Asgari Ücrete Yüzde 50 Zam Önerisi: Açlık Sınırının Üzerine Çıkmak İçin Gerekli Artış
Yeni bir çalışma, asgari ücrete yılbaşında yaklaşık yüzde 50 oranında zam yapılması halinde asgari ücretin 33.156 TL seviyesine yükseleceğini ve beklenen açlık sınırı olan yaklaşık 30.000 TL’nin geride bırakılabileceğini gösteriyor.
Çalışmanın kapsamı ve yöntemi
Analiz, 2005–2024 dönemine ait makroekonomik veriler üzerinden gerçekleştirildi. Araştırma, asgari ücret artışlarının enflasyon, istihdam ve dış ticaret dengesi üzerindeki etkilerini zaman serileriyle inceledi.
Temel bulgular
- Asgari ücretteki yüzde 10’luk artışın yıllık enflasyonu yalnızca yaklaşık 1–2 puan artırdığı tespit edildi.
- Aynı artışın işsizlik üzerinde etkisi sınırlı olup, işsizlik oranını bir yıl içinde yaklaşık 0,10–0,15 puan yükselttiği bulundu.
- Asgari ücret artışlarının dış ticaret dengesine olan etkisi de gözle görülür düzeyde değildi.
Reel gelir kaybı ve zam ihtiyacı
Geçen yıl enflasyonun yüksek olduğu dönemlerde asgari ücrette yapılan artışlar, reel anlamda ücretlilerin kayıplarını tam olarak telafi edemedi. Önceki dönemde enflasyonun %44 olduğu bir dönemde asgari ücrette ocak ayında gerçekleşen %30’luk artış, reel kayıpların yaklaşık 14 puan civarında devam etmesine neden oldu.
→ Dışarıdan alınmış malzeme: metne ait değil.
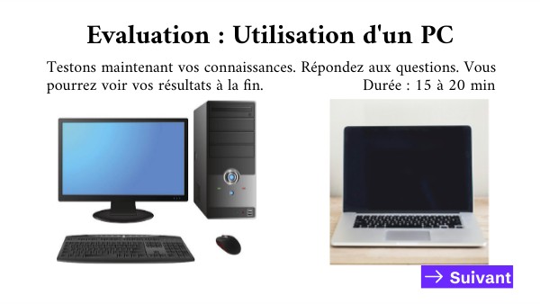 Testons maintenant vos connaissances. Répondez aux questions. Vous pourrez voir vos résultats à la fin. Durée : 15 à 20 min

Mevcut enflasyon tahminleri yıl sonunda %29–30 civarında seyredebileceğini işaret ediyor; bu çerçevede refah payı da eklenince asgari ücrette yaklaşık %50’lik bir artışın gerekli olduğu sonucuna varıldı.
Döviz kurlarının rolü
Analiz, enflasyonun belirlenmesinde döviz kurlarının belirleyici etkisine dikkat çekiyor. Bu nedenle asgari ücrete yalnızca hedeflenen enflasyon oranına göre zam yapmak uzun vadede yetersiz kalabiliyor. Döviz kurundaki dalgalanmalar ve yapısal faktörler, fiyatlama davranışlarını ve genel enflasyon seviyesini güçlendiriyor.
Ekonomik etkilerin yönetimi
Çalışmada ayrıca, asgari ücret artışlarının verimlilik, ücret yapısı ve gelir dağılımı üzerindeki olası olumlu etkilerine de değiniliyor. Bazı senaryolarda ücret artışlarının işgücü verimliliğini teşvik edebileceği ve mesleki ücret seviyelerinin birbirine yaklaşmasına yol açabileceği belirtiliyor. Ancak enflasyon beklentileri, döviz kurları ve makro politikalardaki yönlendirmeler bu sürecin sonucunu belirleyecek ana unsurlar olarak öne çıkıyor.
Sonuç
Veri odaklı değerlendirmeler, enflasyon ve refah payı göz önüne alındığında asgari ücretin mevcut koşullarda yaklaşık %50 oranında artırılmasının, dar gelirli kesimlerin reel kayıplarını azaltmak ve açlık sınırının üzerine çıkmak için güçlü bir adım olacağını ortaya koyuyor. Politika yapıcılar için kilit nokta, döviz kuru baskılarını ve enflasyon dinamiklerini birlikte ele alacak bütüncül politikaların uygulanmasıdır.